Monday, November 22, 2021

Interest as cost

Total interest paid is equal to total interest received. Some people will tell you it doesn't matter how much we pay as interest, because we receive exactly the same amount of interest. But who is this "we"? Unless net interest is zero for every one of us, there is a redistribution of income. So it does have an effect. It does matter.

And even if it was net zero in every instance, it can still have an effect on the economy: 

  • If 2% of our income is interest and 98% is income from productive activity, we got a lot of output with little financial cost.
  • But if half our income is interest and half is income from productive activity, then we didn't produce much, and we had to pay a lot for it to cover the financial cost.

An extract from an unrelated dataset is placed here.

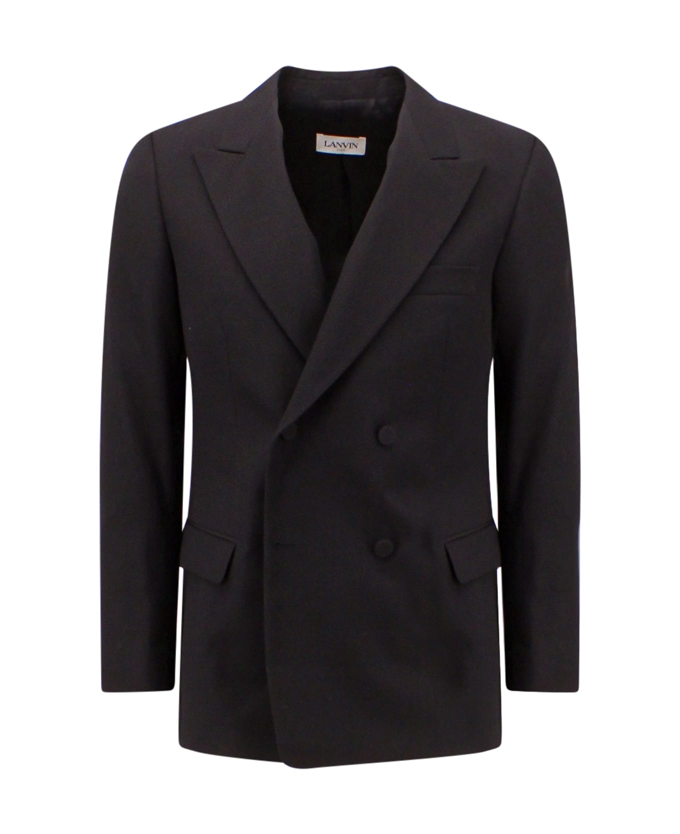 - Double-breasted Closure With Covered Buttons - Maxi Peak Lapel - Closure With Flap On The Front - Made In Italy - 100% Wool - Lining : 100% Cupro

Between individuals, incomes vary. But for the economy as a whole, if interest is a high percentage of our income, then the nation's output will be inexplicably low. Inexplicably, because we choose not to see the high level of interest as a problem. Low, because interest is not a payment for the creation of output.

2 comments:

Oilfield Trash said...

The way it is paid back matters also...typically when 80% of the interest is applied only 50% of the principle is paid down...

The Arthurian said...

Hey Big O: Is that a rule of thumb, a 80:50 rule? Or more like an example of how Finance deals with people??

I was thinking thru some calculation the other day and I remembered what you said before -- that the wage gap between men and women could have made a significant reduction in labor cost when women started entering the work force in large numbers. I only ever thought of the wage gap as an income issue, not a cost issue.